16. The system of claim 1, further comprising a magazine for storing at least two different types of packaging containers.

17. The system of claim 1, wherein the second subsystem comprises a further subsystem configured to at least one of:

a. obtain the shoe or pair of shoes;

b. obtain the packaging container;

c. reposition the packaging container;

d. open the packaging container;

e. grip the shoe or pair of shoes;

f. reposition the shoe or pair of shoes;

g. place the shoe or pair of shoes in the corresponding packaging container;

h. insert at least one accessory associated with the shoe or pair of shoes into the packaging container; or

i. at least one of close or seal the packaging container.

18. The system of claim 2, wherein the further subsystem corresponds to a single apparatus or integrated subsystem configured to both provide the packaging container and automatically package the shoe or pair of shoes.

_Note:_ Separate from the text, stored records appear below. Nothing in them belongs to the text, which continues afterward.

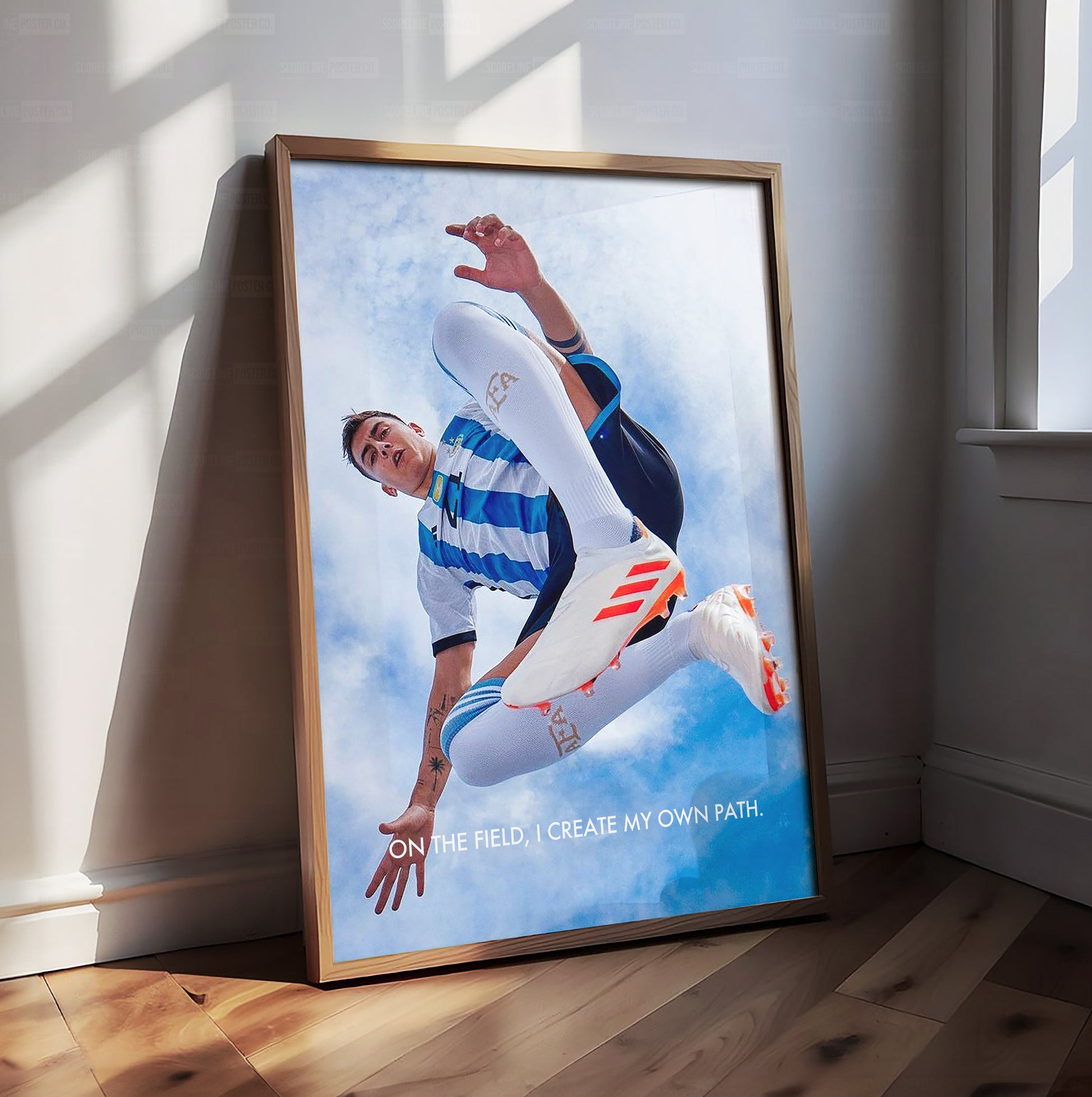 This electrifying poster captures Paulo Dybala in full flight - leaping high above the lens, as if soaring through the air while the world watches from below. His eyes locked downward, the camera catches him mid-jump in a perspective that turns the football pitch into a stage and Dybala into the star.
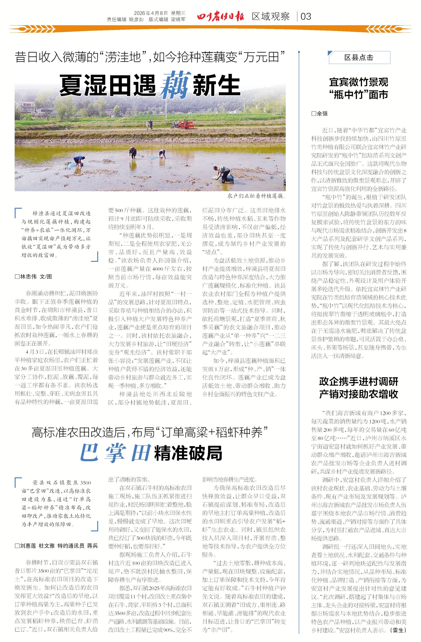 曾经积水难排的“烂泥田”,如今一亩莲藕收入上万元;宜宾还搞出“瓶中竹”——不用浇水施肥,办公桌就能养微型竹林。四川的农田里,惊喜比春笋还多!
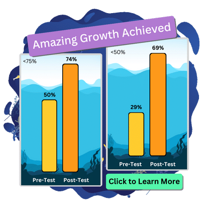 Research shows the amazing growth that students have achieved! Research demonstrates significant student growth as measured by Pre-Tests and Post-Tests aligned with TEKS. Students scoring below 75% on the pre-test experienced a 24% increase, while those scoring below 50% saw a remarkable 40% increase after using Underwater Math’s Skill Builder for adaptive remediation.
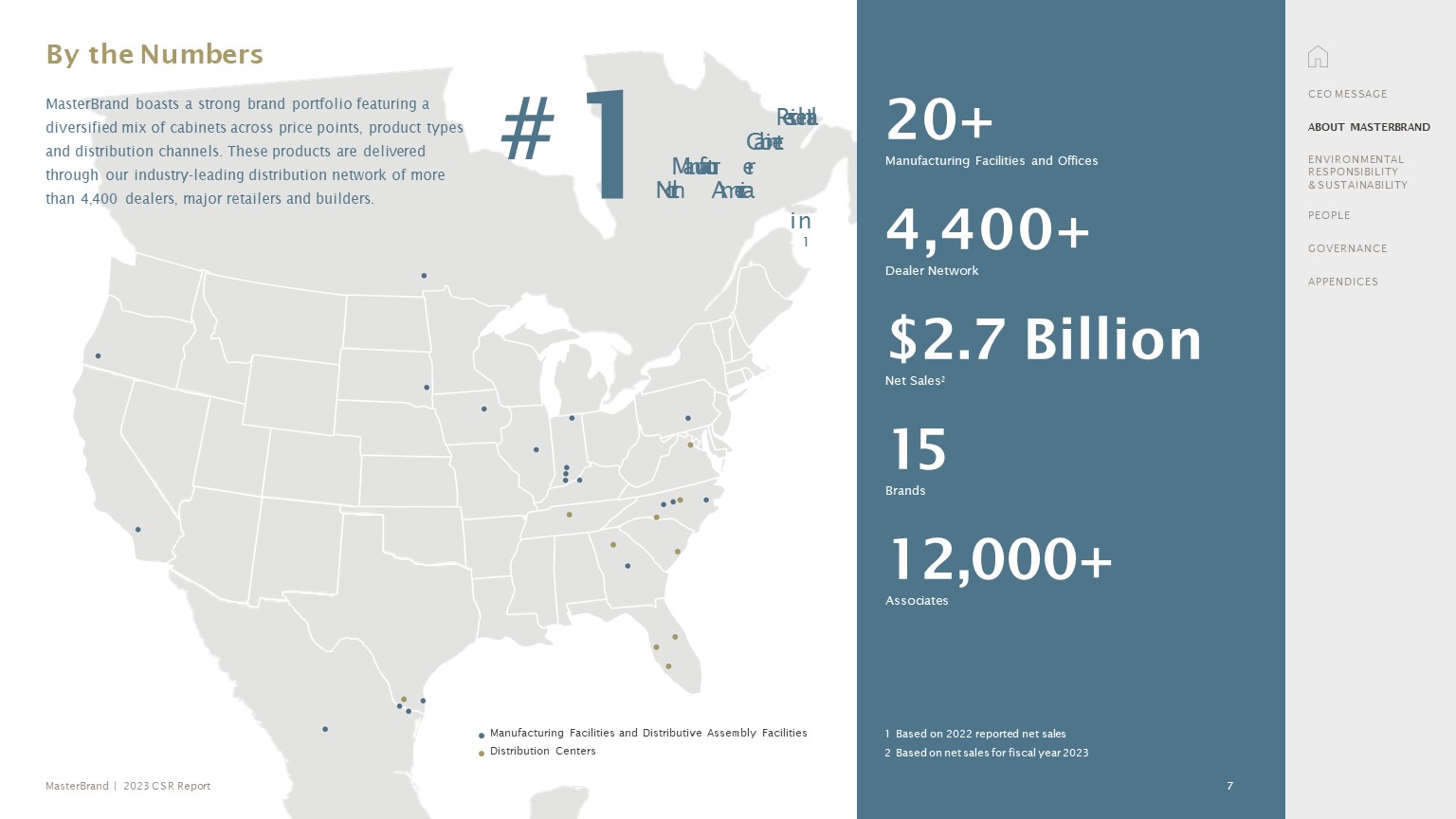 By the Numbers  20+  Manufacturing Facilities and Offices  4,400+  Dealer Network  $2.7 Billion  Net Sales2  15  Brands  12,000+  Associates  MasterBrand boasts a strong brand portfolio featuring a diversified mix of cabinets across price points, product types and distribution channels. These products are delivered through our industry-leading distribution network of more than 4,400 dealers, major retailers and builders.  #  1NorthManufacturAmericaerCabinetResidential in1  Manufacturing Facilities and Distributive Assembly Facilities Distribution Centers  Based on 2022 reported net sales  Based on net sales for fiscal year 2023  CEO MESSAGE  ABOUT MASTERBRAND  PEOPLE  APPENDICES  GOVERNANCE  ENVIRONMENTAL RESPONSIBILITY & SUSTAINABILITY  ABOUT MASTERBRAND  MasterBrand | 2023 CSR Report  20
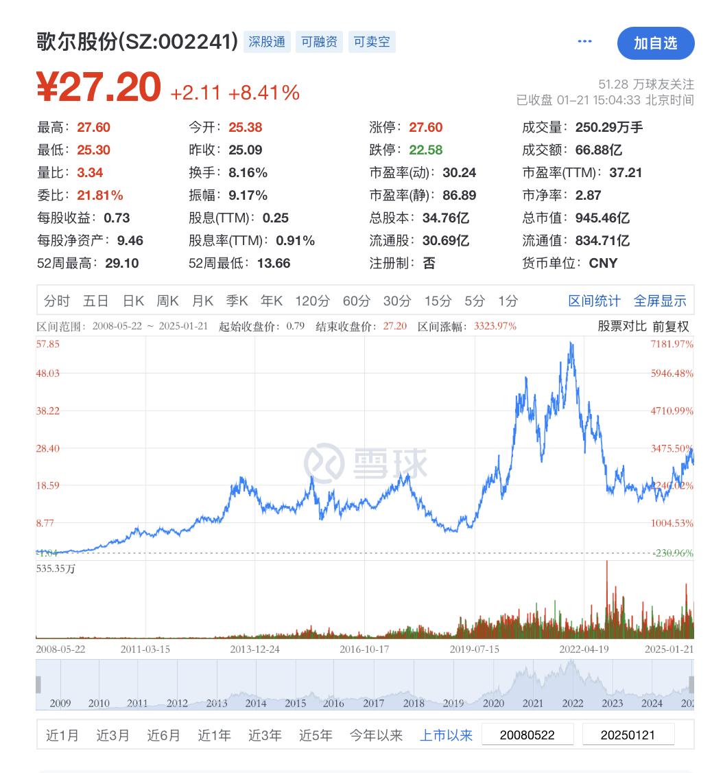 自2010年打入“果链”后,歌尔股份股价、业绩双双驶入快车道。2021年前后,其股价一度接近60元/股,市值最高更是突破2000亿元。截至1月21日收盘,歌尔股份涨8.41%报27.20元/股,总市值945.46亿元。
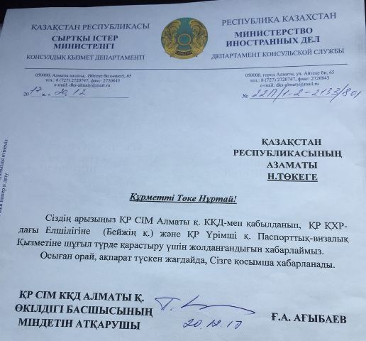Нұртай Төке көп өтпей жергілікті адвокатымен кеңесу арқылы ҚР Сыртқы Істер министрлігі Алматы қаласы өкілдігі басшысына арыз жазған. Оған келген жауап хатта Н. Төкенің арызы  «бұл іс бойынша ҚР-ның ҚХР-дағы Елшілігіне (Бейжің қаласы) және Үрімжідегі паспорттық-визалық Қызметіне шұғыл түрде қарастыру үшін» жолданғанын хабарлаған. Жауап хат қолына тиісімен Нұртай Төке Үрімжідегі елшілік қызметкерлеріне де барып қайтқанын айтады. Олар да Қытайдың тиісті мекемелеріне осы іс негізінде сұрау салғанымен, ешқандай жауап ала алмағандарын, бұл оқиғаны бақылауда ұстайтындарын айтып шығарып салған.
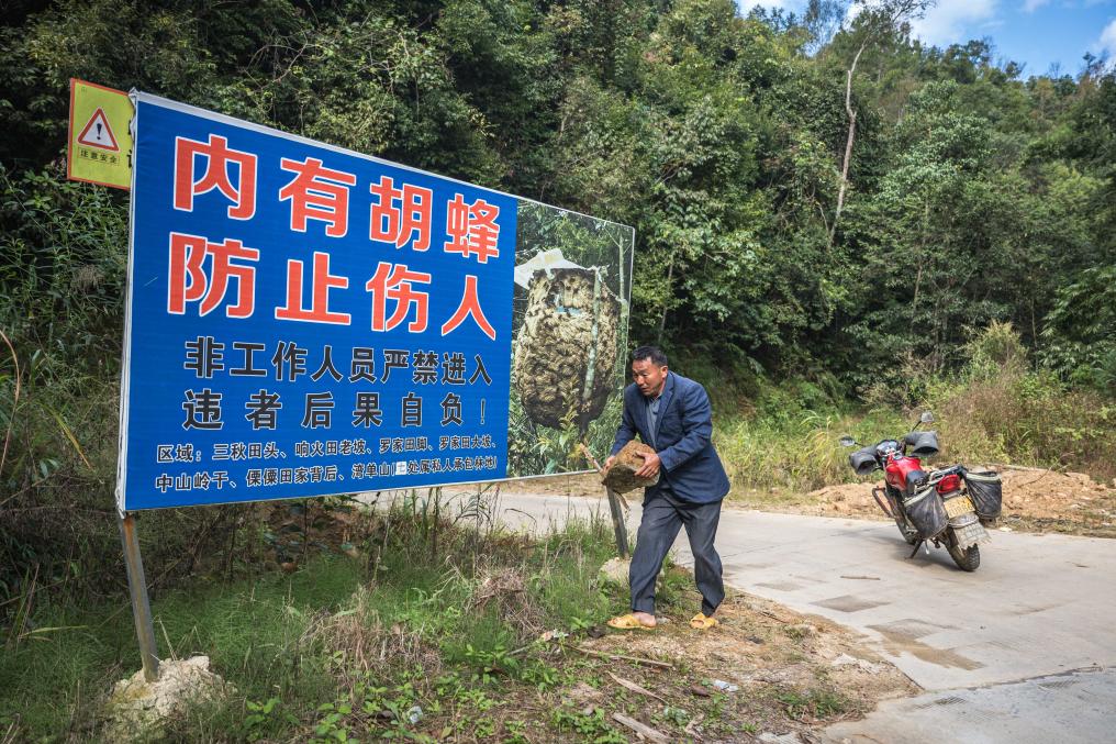 11月19日,在云南省保山市龍陵縣龍山鎮,龍陵縣黃氏蜂業有限公司工作人員在檢查警示牌。
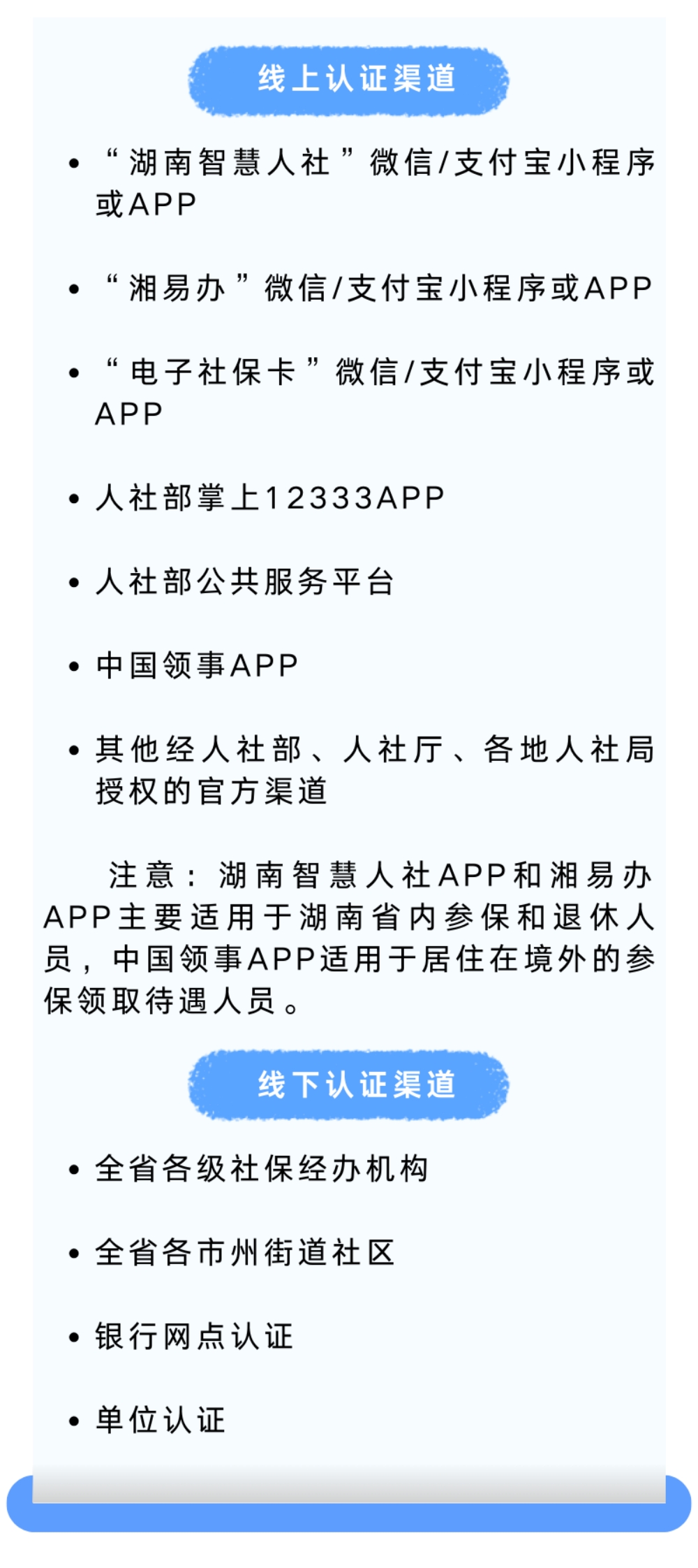 参保人每年至少进行一次待遇领取资格认证,可通过湖南省人力资源社会保障厅门户网或“湖南智慧人社”微信/支付宝小程序或APP等(具体认证渠道附后),进行待遇领取资格自助认证;也可到乡镇(街道)基层社保服务窗口现场进行资格认证。
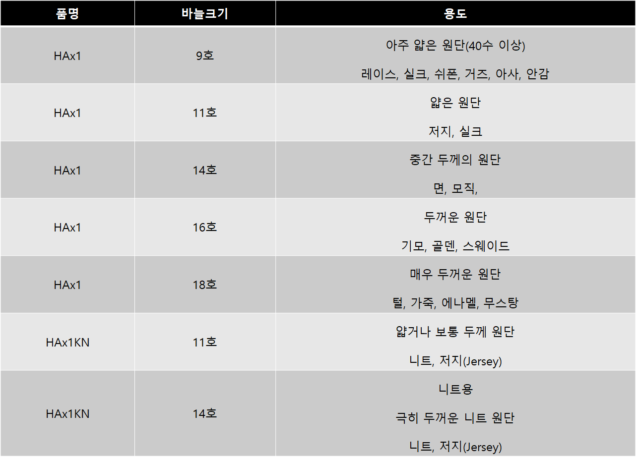 가정용 미싱 바늘은 품명이 H로 시작해요. 공업용 바늘은 D로 시작하고.
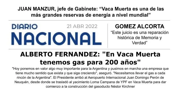 La diputada nacional del Frente de Todos (FdT) por Neuquén destacó que el presidente Alberto Fernández visitará hoy el yacimiento Loma Campana de YPF en Vaca Muerta, provincia de Neuquén, para dar comienzo a la construcción del gasoducto Néstor Kirchner.
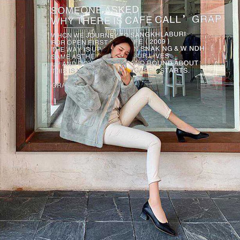 美脚×脚長効果のある4.5cmチャンキーヒールパンプス
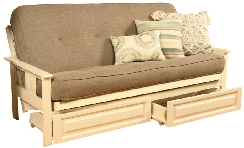 This futon frame has two optional drawers for out-of-sight storage
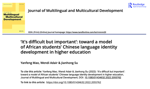 毛艳枫副教授在journal of Multilingual and Multicultural Development发表论文,运用纵向归纳法追踪了12名非洲学生在中国高校留学第一年里汉语认同的发展过程。研究发现,随着时间推移,这些留学生的汉语认同总体上朝着积极的方向发展,具体表现为干扰项逐渐减少,而促进项和双向项逐渐增多。从语言认同维度来看,汉语语言知识不断增长,汉语语言归属更加强烈,尚未出现明显的汉语语言传承倾向。本研究发掘了在华非洲留学生汉语认同的部分发展规律以及多语学习者语言认同的发展模式,有助于制定有效的留学生语言政策。

19. The system of claim 1, further comprising a further subsystem configured to provide a plurality of shoes to be packaged.

20. The system of claim 19, wherein the further subsystem is further configured to perform at least one of:

a. arranging the pluralities of shoes in at least one of a desired order or a desired spatial arrangement;

b. providing the plurality of shoes with a machine-readable label; or

c. communicating at least one of the desired order or the desired spatial arrangement to other elements of the system.

21. The system of claim 1, further comprising a further subsystem configured to perform at least one of:

a. obtaining a plurality of packaging containers, each containing a shoe or a pair of shoes;

b. determining packaging container type information associated with at least one packaging container of the plurality of packaging containers;

c. automatically providing a shipping container for the least one packaging container corresponding to at least one of the determined packaging container type information or the determined shoe type information;

d. automatically packaging the at least one packaging container in the shipping container corresponding to at least one of the determined packaging container type information or the determined shoe type information;

e. inserting at least one packaging accessory into the shipping container corresponding to at least one of the determined packaging container type information or the determined shoe type information;

f. automatically obtaining a shipping container label corresponding to at least one of at least part of the determined packaging container type information or the determined shoe type information;

g. automatically providing the shipping container with the shipping container label corresponding to at least one of at least part of the determined packaging container type information or at least part of the determined shoe type information;

h. changing a processing order of the shipping container;

i. closing and sealing the shipping container; or

j. automatically arranging the shipping container on a shipping pallet.

22. The system of claim 21, wherein the further subsystem is configured to automatically package the packaging containers in the shipping container and is further configured to insert the at least one packaging container at an angle with respect to a wall of the shipping container.

23. The system of claim 21, wherein the further subsystem is configured to automatically package the at least one packaging container in the shipping container and is further configured to handle at least two packaging containers simultaneously.

24. The system of claim 1, further comprising at least one robotic actuator having at least three actuation axes.

25. The system of claim 24, wherein the at least one robotic actuator comprises at least one of a vacuum gripper or a particle jamming gripper.

26. The system of claim 2, wherein the further subsystem is configured such that the packaging container label is obtained while the shoe or pair of shoes is being packaged in the packaging container.

27. A method for automatic packaging of shoes, comprising:

a. determining shoe type information from a shoe or pair of shoes to be packaged;

b. automatically packaging the shoe or pair of shoes in a packaging container; and

c. dynamically controlling the automatic packaging based at least in part on the determined shoe type information.